SpreadSheet Helper is a tool designed for performing operations similar to spreadsheets and SQL like operations, such as data grouping and joining. You need to specify the data you want to work with by referencing it.

## Infer data types

To keep data type consistent, you can choose whether to enable data type inference or leave it disabled (it's turned off by default).

![Infer data types option in all relevant actions](https://291121471-files.gitbook.io/~/files/v0/b/gitbook-x-prod.appspot.com/o/spaces%2F-McrRFZHYH27bqKzOVDd%2Fuploads%2FAC1wmSNcmZUuSe3EoSdf%2Fimage.png?alt=media\&token=3d80cc01-4c22-4c93-b5d0-43c36d5bc2ea)

If this option is turned on, the Helper will try to automatically infer the data type of each column. This might cause unexpected results when working with zip codes and other numbers that can start with 0.

Otherwise, the data types will be left as provided by the source.

## Actions

### 1. Group columns by

Group a spreadsheet or CSV file and apply different aggregates and properties.

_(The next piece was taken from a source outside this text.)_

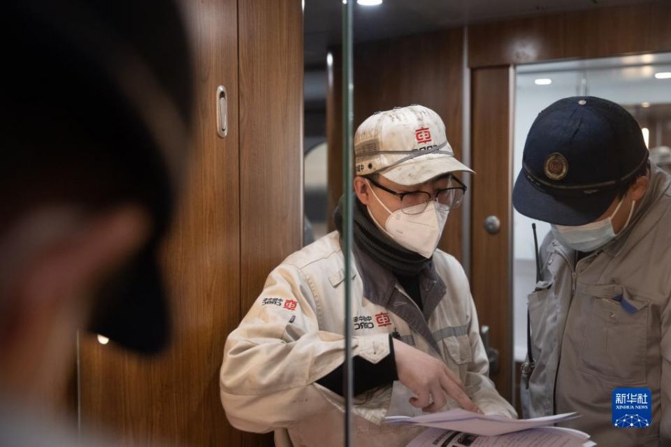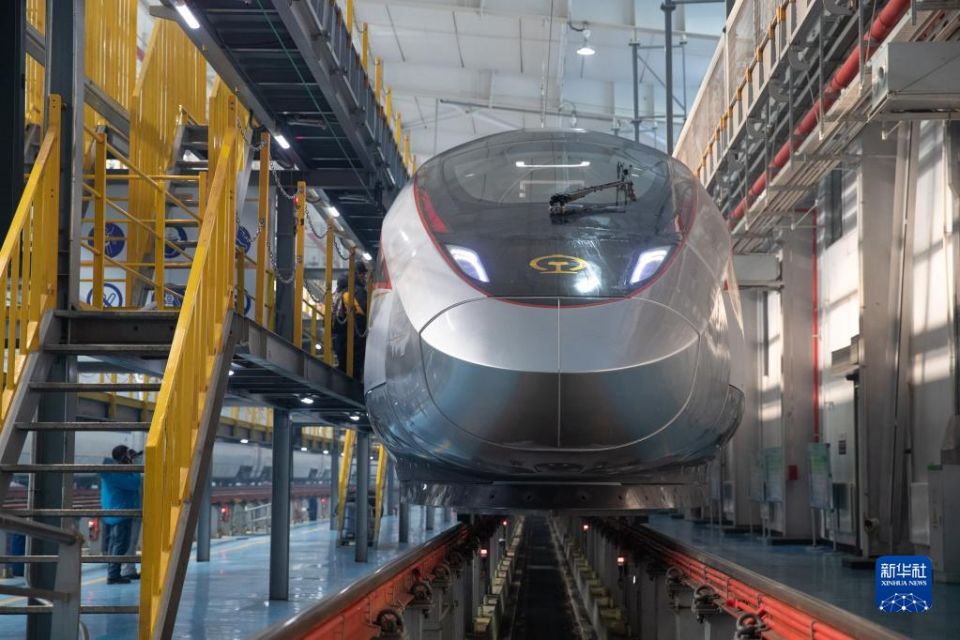 1月16日,工作人员在中国铁路哈尔滨局集团有限公司哈尔滨动车段检修车间内准备检查入库的CR400BF-GZ型复兴号高寒智能动车组。 新华社记者 张涛 摄

The available aggregation functions are:

* mean
* sum
* size
* count
* std
* var
* sem
* first
* last
* min
* max
* median

For example, let's find the lowest price among devices. To do this we need to group columns by `Product`\
Result columns must use the following syntax:\
`<column name or index>;<aggregation function><new column name (optional)>`\
In the example \
Price - column name\
min - aggregation function\
lowest\_price - new column name (optional)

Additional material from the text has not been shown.